REST Client¶
In this example we will build a REST Client that fetches data from a fictional API that we’ll build ourselves.
The purpose of this tutorial is not to teach you how to build REST APIs, but to show you how to use DataService to fetch data from them, so feel free to go ahead and run the server code below to get the API up and running.
"""Fictional API server for demonstration purposes."""
from faker import Faker
from fastapi import FastAPI
from fastapi_pagination import Page, add_pagination, paginate
from examples.api.models import User
app = FastAPI()
fake = Faker()
users = [ # create some data
User(name=fake.first_name(), surname=fake.last_name()) for _ in range(1000)
]
@app.get("/users")
async def get_users() -> Page[User]:
return paginate(users)
add_pagination(app)
This is a simple FastAPI server that serves a list of Users using page based pagination provided by fastapi-pagination.
You can run it by executing the following commands:
$ pip install "fastapi[all]" fastapi-pagination faker
$ fastapi dev api_server.py
We can now proceed to build the REST Client that will fetch data from the API.
First we define a simple User model that will hold the user details. We are using a simple pydantic.BaseModel instead of BaseDataItem here because we are not expecting exceptions to be raised.
Please note that the same model is used in the server code.
class User(BaseModel): # define your model
name: str = Field(..., examples=["Steve"])
surname: str = Field(..., examples=["Rogers"])
Then we define the parse_users callback that will extract the user details from the API response and yield a new User object for each user.
def parse_users(response: Response):
users = response.data["items"]
for user in users:
yield User(**user)
We then proceed by defining the paginate callback which will iterate over the total number of pages and yield a new Request object for each one.
def paginate(response: Response):
pages = response.data["pages"]
yield from parse_users(response)
for p in range(2, pages + 1):
yield Request(
url=response.request.url,
callback=parse_users,
client=response.request.client,
params={"page": p},
content_type="json",
)
We are starting from page 2 because the first page is already served by the initial request.
Finally we define the main function that will create the initial Request object and run the DataService.

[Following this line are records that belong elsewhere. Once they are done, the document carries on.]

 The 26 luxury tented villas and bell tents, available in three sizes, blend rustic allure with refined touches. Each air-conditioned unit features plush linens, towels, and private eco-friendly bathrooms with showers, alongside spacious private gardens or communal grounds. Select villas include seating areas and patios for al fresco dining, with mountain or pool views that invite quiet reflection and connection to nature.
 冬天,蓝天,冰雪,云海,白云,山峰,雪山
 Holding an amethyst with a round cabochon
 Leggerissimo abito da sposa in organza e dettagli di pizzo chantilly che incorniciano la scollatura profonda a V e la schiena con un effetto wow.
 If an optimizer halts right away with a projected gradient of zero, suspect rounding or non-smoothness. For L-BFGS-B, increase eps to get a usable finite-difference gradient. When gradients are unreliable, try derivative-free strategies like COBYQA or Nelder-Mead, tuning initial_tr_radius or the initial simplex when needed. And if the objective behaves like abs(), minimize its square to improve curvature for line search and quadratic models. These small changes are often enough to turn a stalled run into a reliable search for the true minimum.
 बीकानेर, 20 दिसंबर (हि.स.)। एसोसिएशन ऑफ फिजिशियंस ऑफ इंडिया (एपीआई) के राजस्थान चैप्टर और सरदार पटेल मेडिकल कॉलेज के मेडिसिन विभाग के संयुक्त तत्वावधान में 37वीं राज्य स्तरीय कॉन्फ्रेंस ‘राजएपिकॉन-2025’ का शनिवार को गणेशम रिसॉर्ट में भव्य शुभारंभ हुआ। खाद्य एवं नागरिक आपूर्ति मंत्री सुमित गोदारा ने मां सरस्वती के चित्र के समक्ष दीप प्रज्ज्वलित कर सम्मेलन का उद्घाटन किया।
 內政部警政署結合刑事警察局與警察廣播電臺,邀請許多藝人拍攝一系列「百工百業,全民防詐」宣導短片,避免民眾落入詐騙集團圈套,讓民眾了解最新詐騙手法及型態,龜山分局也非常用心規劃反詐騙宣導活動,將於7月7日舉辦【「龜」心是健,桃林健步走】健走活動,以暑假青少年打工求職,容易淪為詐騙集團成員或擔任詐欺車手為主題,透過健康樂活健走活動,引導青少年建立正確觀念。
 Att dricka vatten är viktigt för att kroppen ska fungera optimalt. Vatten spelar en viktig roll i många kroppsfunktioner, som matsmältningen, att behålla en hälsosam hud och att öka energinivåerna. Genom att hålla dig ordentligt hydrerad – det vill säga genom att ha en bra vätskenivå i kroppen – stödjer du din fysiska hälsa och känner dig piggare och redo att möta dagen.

Full code for the api_client example:
import logging
from dataservice import (
DataService,
HttpXClient,
Request,
Response,
ServiceConfig,
setup_logging,
)
from examples.api.models import User
logger = logging.getLogger("api_client")
setup_logging("api_client")
def parse_users(response: Response):
users = response.data["items"]
for user in users:
yield User(**user)
def paginate(response: Response):
pages = response.data["pages"]
yield from parse_users(response)
for p in range(2, pages + 1):
yield Request(
url=response.request.url,
callback=parse_users,
client=response.request.client,
params={"page": p},
content_type="json",
)
def main():
httpx_client = HttpXClient()
start_requests = [
Request(
url="http://127.0.0.1:8000/users",
callback=paginate,
client=httpx_client,
content_type="json",
)
]
data_service = DataService(
start_requests, config=ServiceConfig(**{"limiter": {"max_rate": 10}})
)
data = tuple(data_service)
for item in data:
logger.info(item)
if __name__ == "__main__":
main()
A few things to note in this example:
Each Request object is created with a content_type of json to tell the Client we are expecting a JSON response.
The paginate callback is also yielding Request objects using the params argument to build the URL for each page.
Finally, our fictional API is rate limited to 10 requests per minute, so we are using a limiter from aiolimiter.